Pre-sale Stones tickets

I've got mine - at least I've got my *invitation* to accompany a frisky young thang to Key Arena, and I fully intend to keep in her good books at least until the concert is over.

In fact, I'll also buy my own tickets and either use them if we have a bust-up, or tout them on the day.

This having to dance careful attendance on FYT is turning me uncharacteristically solicitous and respectful and is already putting an intolerable strain on our quirky 'relationship'.

All of which reminds me of a foul-mouthed bullying distant relation with whom I used to have loud shouting matches in my arrogant teens and from whose dinner table I was constantly being dismissed by my embarrassed father to finish dessert in my freezing room. I could never understand why everyone was so wimpish and accommodating around him - it wasn't *that* much of a pleasure to be invited for those dour country weekends at the Sturrock Hall.

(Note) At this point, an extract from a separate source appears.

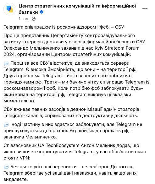 “We see clear cooperation between Telegram and Roskomnadzor and the FSB. When the FSB needs to block any channel on the territory of the Russian Federation, Telegram carries out these instructions instantly,” Melnychenko said during the Kyiv Stratcom Forum 2024, organized by the Center for Strategic Communications.

Anyway, the old curmudgeon finally kicked the bucket and - surprise - left me rather a hefty packet in his 12-page Will.

Turned out the old scrooge was worth a fortune from clever rubber plantation investments before the war and buying up half of bombed-out London in the early fifties.

Seems I was the only one who didn't know this, my parents not having thought it worth telling me since I was too far down the food chain to be a likely beneficiary.

Anyway, he actually referred to my "intolerable insouciance" and lack of manners in the presence of my elders and betters, wagering that I'd come to no good and had better have some pocket money to bail myself out of the inevitable tight corners I'd find myself in.

His nearest and dearest did get *something*, of course, for their "years of craven arse-licking and mincing imitations of a herd of Cotswold ewes", but not nearly what I suspect they hoped for. To the fury of his "prancing coxcomb" of a grandson, he left the Rolls and his hunters to his devoted manservant, his Chinnerys to Mrs Bidwell (his equally crotchety housekeeper), and the Hall and its fittings (plus £s for its upkeep) to the National Trust with the stern proviso it be not allowed to fall into the hands of "some upstart American".

They don't make 'em - and they certainly don't write Wills - like that any more.